We include a simple script to define a hidden Markov model corresponding to an MPS of a certain bond dimension in the hmm folder. This script requires the pomegranate library.

Running the code

We provide a jupyter notebook fitdataset.ipynb that explains how to create a model, load a dataset and train the model on the dataset. We also provide a jupyter notebook fittensor.ipynb that explains how to train the model to approximate a given non-negative tensor.

Input parameters of a tensor network (all parameters are optional):

  • D : int [default: 2], bond dimension/rank of the tensor networks.
  • learning_rate : float [default: 1.0], learning rate for gradient descent.
  • batch_size : int [default: 20], number of training examples per minibatch.
  • n_iter : int [default: 10], number of epochs over the training dataset to perform, or number of iterations of the optimization for approximating a given tensor.
  • random_state : int or numpy.RandomState [default: None], a random number generator instance to define the state of the random permutations generator. If an integer is given, it fixes the seed. Defaults to the global numpy random number generator.
  • verbose : int [default: 0], the verbosity level. Zero means silent mode.
  • mu : int [default: 2], only for real and complex LPS : the dimension of the purification index.

Experiments in the paper used the following parameters:

  • batch size was set to 20
  • learning_rate was chosen using a grid search on powers of 10 going from 10-5 to 105.
  • n_iter was set to a maximum of 20000
    Each data point indicated in the paper is the lowest negative log-likelihood obtained from 10 trials with different initial tensors.

For approximating a given non-negative tensor, the optimization is performed by a limited-memory BFGS algorithm. Batch size and learning rate parameters are not used, and experiments in the paper used a maximum number of iterations n_iter of 10000.

We also include code to train a hidden Markov model corresponding to an MPS with positive tensors. The training is performed using the Baum-Welch algorithm by running

python runHMM.py lymphography 2 100

Input parameters (all parameters are optional):

  • datasetload : str [default: lymphography], Name of the dataset file which should be located in the datasets/ folder
  • bond_dimension : int [default: 2], bond dimension/rank (here number of hidden states per variable)
  • n_iter : int [default: 100], number of epochs over the training dataset to perform

References

[1] Glasser, I., Sweke, R., Pancotti, N., Eisert, J., Cirac, J. I. (2019) Expressive power of tensor-network factorizations for probabilistic modeling. Advances in Neural Information Processing Systems 32 (Proceedings of the NeurIPS 2019 Conference). [https://papers.nips.cc/paper/8429-expressive-power-of-tensor-network-factorizations-for-probabilistic-modeling]. See also extended version at arxiv:1907.03741.
[2] Schreiber, J. (2018). Pomegranate: fast and flexible probabilistic modeling in python. Journal of Machine Learning Research, 18(164), 1-6.
[3] Müller, N. S., M. Studer, G. Ritschard (2007). Classification de parcours de vie à l'aide de l'optimal matching. In XIVe Rencontre de la Société francophone de classification (SFC 2007), Paris, 5 - 7 septembre 2007, pp. 157–160.
[4] Dua, D. and Graff, C. (2019).
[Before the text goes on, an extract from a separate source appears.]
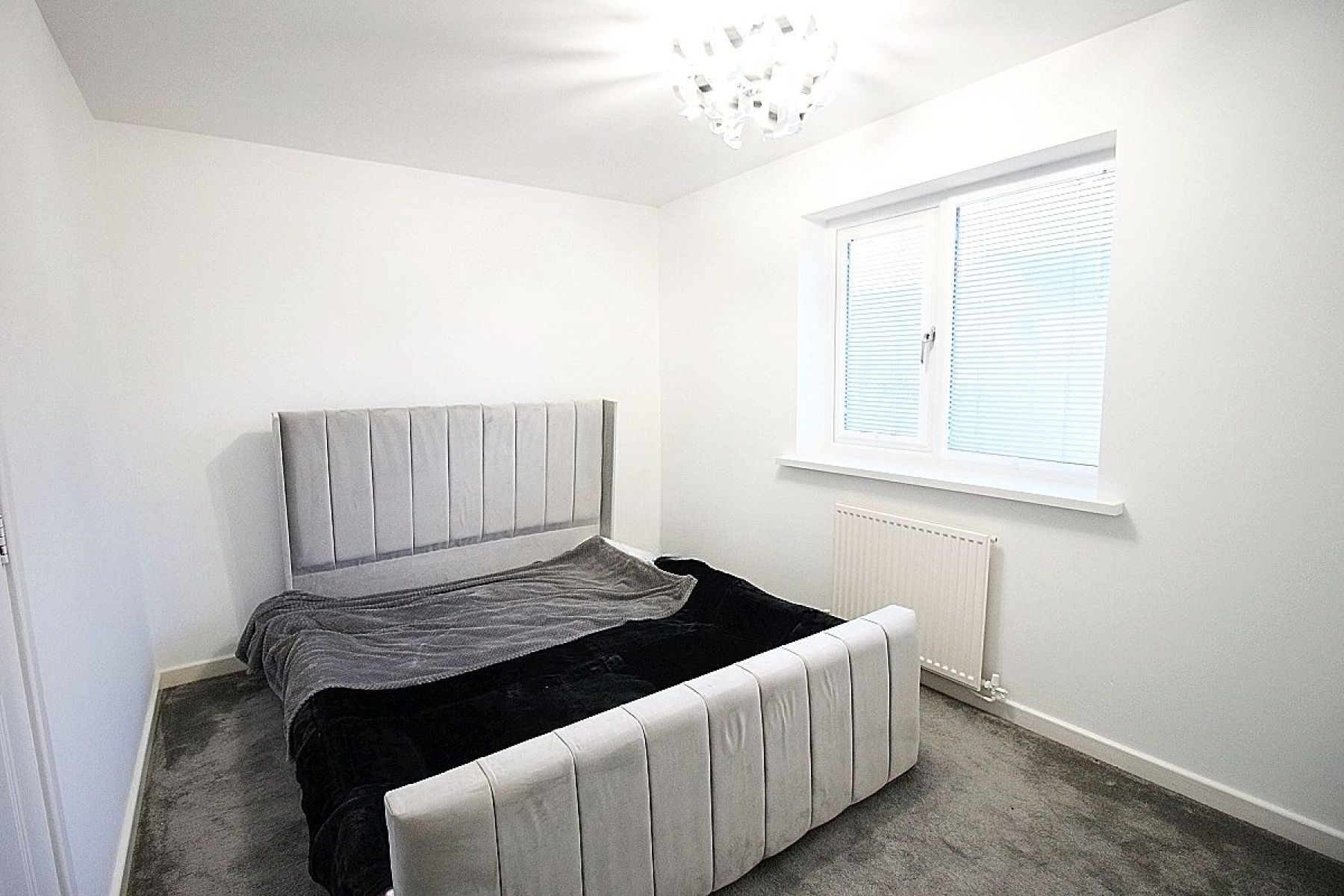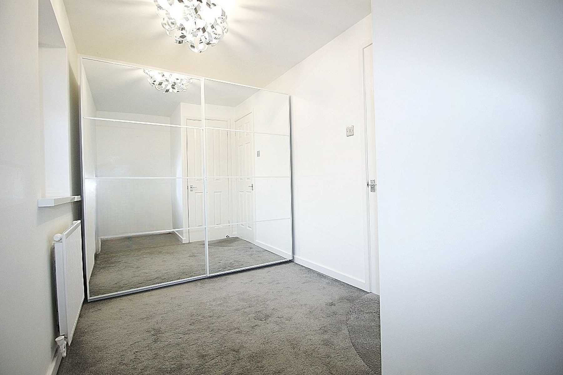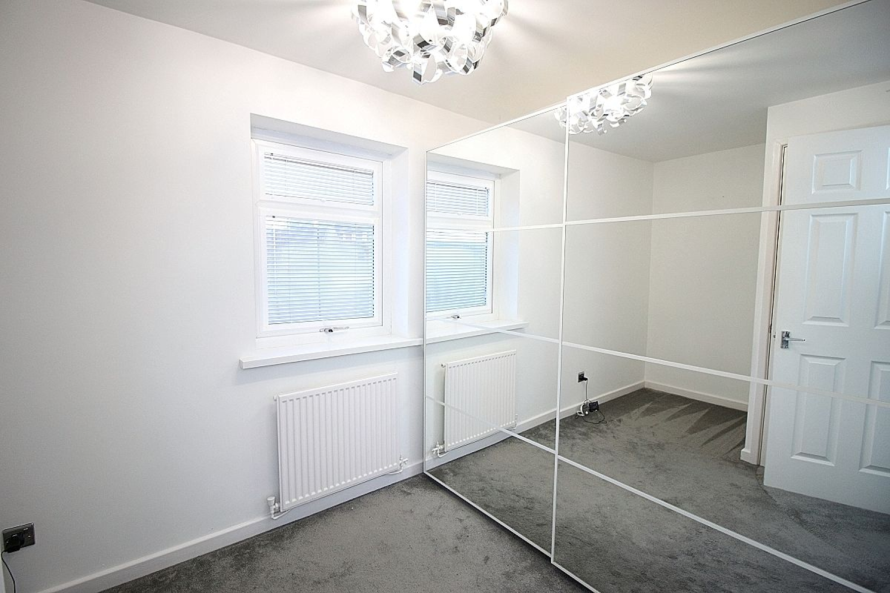 An ample sized second bedroom with a range of modern mirrored sliding wardrobes, a further built in wardrobe, a front facing upvc window, radiator and carpeted flooring.

UCI Machine Learning Repository [http://archive.ics.uci.edu/ml]. Irvine, CA: University of California, School of Information and Computer Science.
[5] This lymphography domain was obtained from the University Medical Centre, Institute of Oncology, Ljubljana, Slovenia. Thanks go to M. Zwitter and M. Soklic for providing the data.
[6] This primary tumor domain was obtained from the University Medical Centre, Institute of Oncology, Ljubljana, Slovenia. Thanks go to M. Zwitter and M. Soklic for providing the data.